HOOK vs Data Vault: Agility

HOOK vs Data Vault: Agility

No alt text provided for this image

And to quote Heraclitus, “The only constant in life is change” - a universal truth that also applies to the data warehouse, so we might as well make life easy for ourselves and use an approach that doesn’t limit our ability to respond to change.

Continuing the side-by-side comparison of HOOK and Data Vault, we will explore how the two approaches can absorb the inevitable changes that we will encounter.


The Scenario

I’ll try to keep this simple. Consider the following Order table we want to ingest into our data warehouse. 

No alt text provided for this image

Initially, we identified two business keys (bolded) in the data, referring to the Order and Customer core business concepts (CBCs).

We will then introduce changes into the respective models to see how they change in response.


Data Vault Solution

First, let’s see what the initial target Data Vault model might look like. 

No alt text provided for this image

It is a familiar structure with the two business concepts represented by two Hubs, joined through a Link, from which we hang a Satellite. Let’s assume we implemented this model with no issues, and we have been happily loading data to it for a period of time.

Sometime later, after speaking with the business, we realise we have a new business concept for a Store to consider. As it happens, the existing source table already contained the business key for a Store (Store_Code), but we didn’t need it then.

So now we have three business keys to worry about; we must add a new Store Hub, and adapt the model to incorporate it, as follows:

No alt text provided for this image

Remember that the existing structures still exist, and we have been loading data to the Link and Satellite tables over a period of time. Refactoring those tables could be problematic, requiring new keys to be calculated. The recommended approach is to leave the old structures alone, implement new versions, and then load the data to them going forward. So now we have a second version (V2) for the Order Link and Order Satellite (as well as the new Store Hub).

Now we load the data into the new structures, but note that we could still load the incoming data into the old structures. However, that means we are deliberately loading duplicate information into the warehouse, which is bound to cause problems.

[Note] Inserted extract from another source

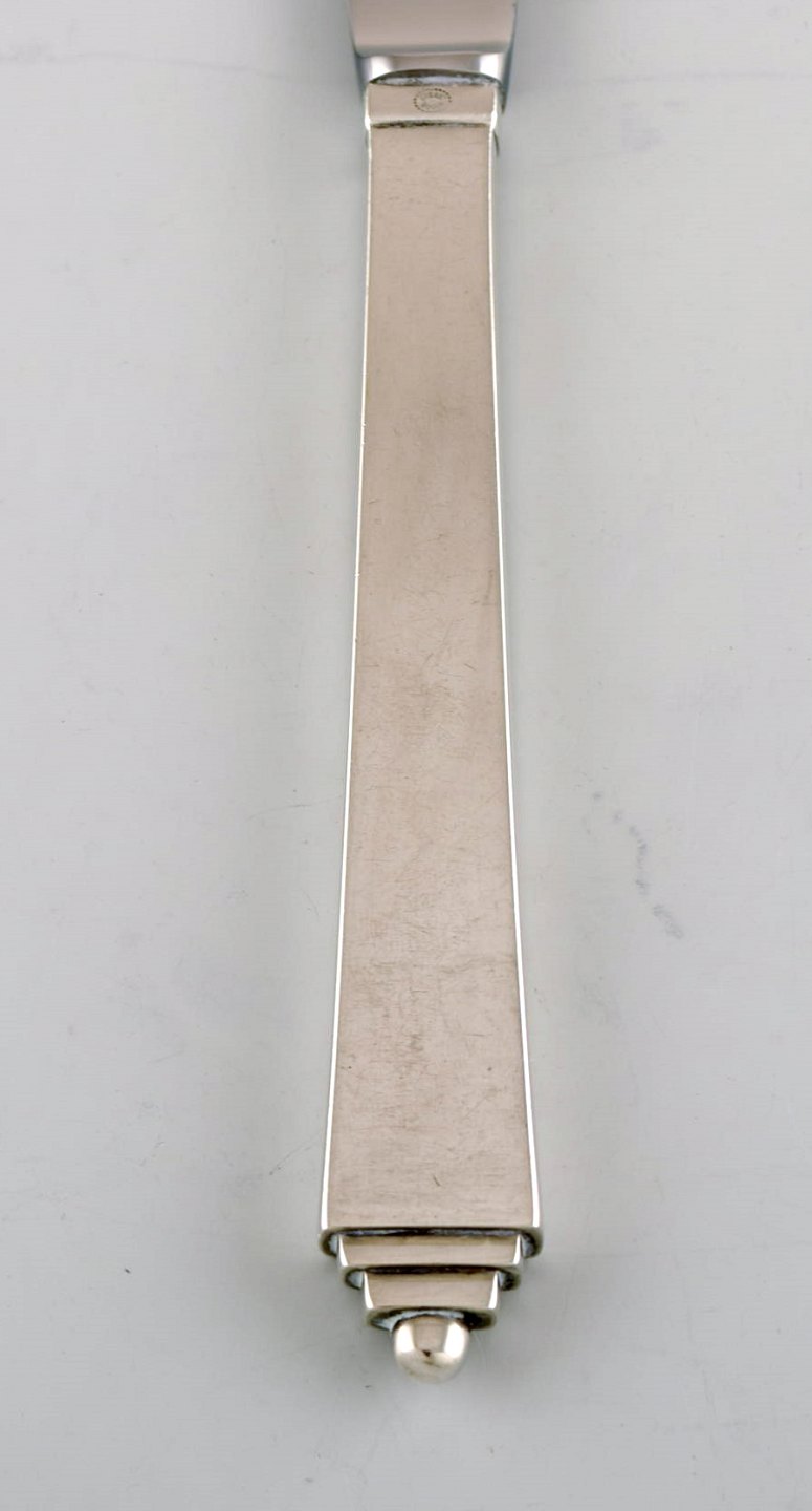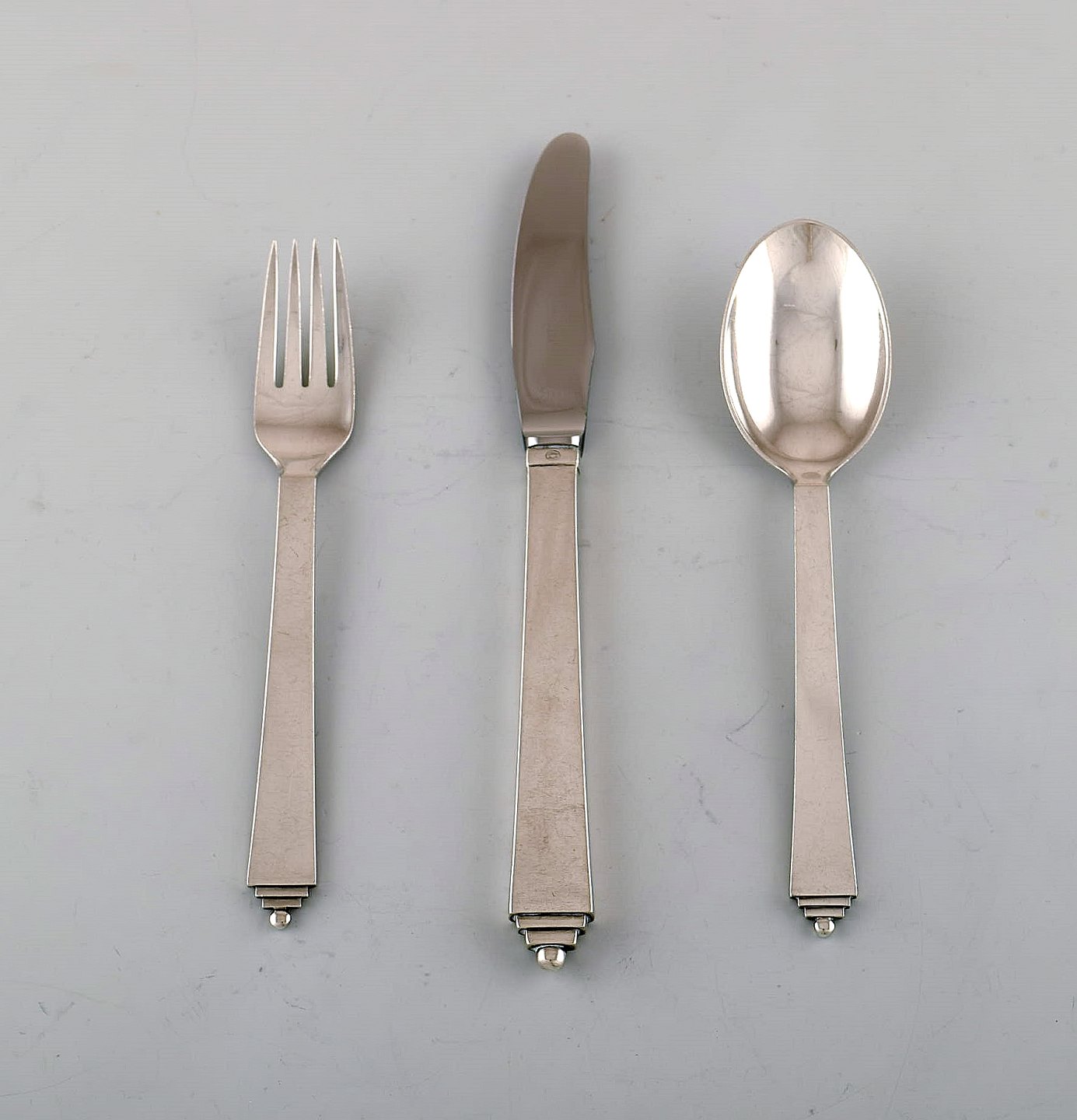 Georg Jensen Pyramide frokostservice i sterlingsølv til otte personer. Bestående af otte middagsgafler, otte middagsknive og otte spiseskeer.

More time goes by, and we discover another change, and there is a requirement to add a new business concept, that of a Promotion. Again, the business key was in the data all along, but as before, it wasn’t important enough to pull out as a business key. We extend the model again. Now we have a four-way link.

No alt text provided for this image

And as before, we needed to create a new version of the Link and Satellite and introduce the new Promotion Hub. What does the overall Data Vault now look like now?

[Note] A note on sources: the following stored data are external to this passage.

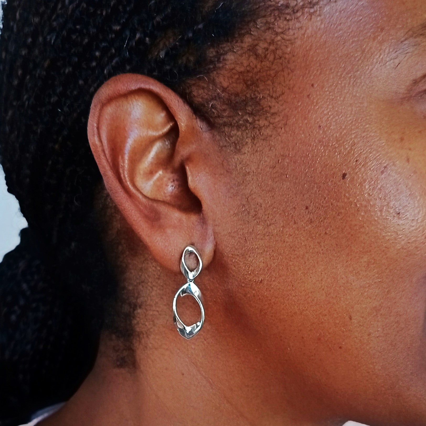 Aretes de plata 925, diseño curvo Moebius, ideal para un reunión , o salida.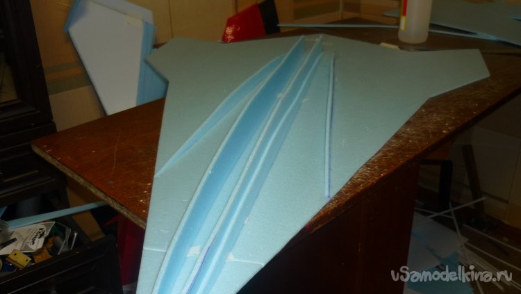 Вырезал заготовки боковых стенок фюзеляжа который находится сверху модели.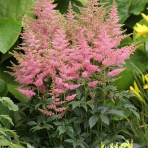Astilbė ‘Country and Western’ – tankus, žemas, lyg papartinių, žvilgančių lapų kerelis nuo vasaros pradžios pražysta šakotomis, puriomis, rausvai ryškiomis šluotelėmis.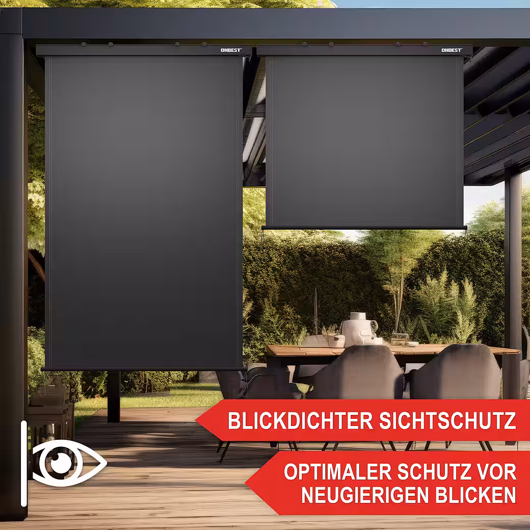 Trust in the proven ONBEST brand quality and enjoy stylish privacy and sun protection with the ONBEST vertical awning!

No alt text provided for this image

The picture is now getting a bit complicated, which, as I said before, would be handled by the automation tool, but it shows how a Data Vault model can gradually bloat over time.


HOOK Solution

The HOOK approach is not immune to change, but depending upon the design choices, there will be slightly different ways of handling it. We will go through the same steps based on the design choice of physical bags, as this is the closest option to the Data Vault steps described in the previous section.

The initial model would look like this:

No alt text provided for this image

The table structure on the right-hand side is a HOOK construct called a Bag, which we can implement in different ways, but let’s assume it is a physical table. The ingestion of the Order data is straightforward, with fields being copied 1:1 from the source into the Bag, and as with the Data Vault equivalent, we add in the standard Load_Timestamp and Load_Source audit fields. We also add two Hook Keys, which are projections of the business keys, Order_ID and Customer_ID. The pattern is simple, and there is no need to carve up the source into separate tables.

So far, so good. Let’s move on to the introduction of the Store business concept. The new model looks like this.

No alt text provided for this image

All we need to do is add the Store Hook Key (HK_Store); everything else stays the same. If we had implemented the table on a standard SQL-compliant RDBMS, we could alter the table to add the new Hook Key column to the Bag table. As nothing else has changed, there is no impact on downstream processing pipelines, and we don’t need to implement a new version of the Bag.

The same logic applies to the second change to incorporate the Promotion business key.

No alt text provided for this image

We started with one table, and we finished with one table. There is no bloat in the model, and we have gracefully incorporated the changes with almost zero impact.


Analysis

Of course, the comparison might seem a little unfair and biased towards Hook, so let’s explore some alternative implementations.

Alternative 1

What if the underlying storage infrastructure isn’t a “standard” RDBMS? For example, what if we had built the platform using data lake technology? In this case, it probably wouldn’t be possible to add a column to the table directly. The obvious way to make the change would be to query the old data and insert the data into the new structure, calculating the new Hook Key values. 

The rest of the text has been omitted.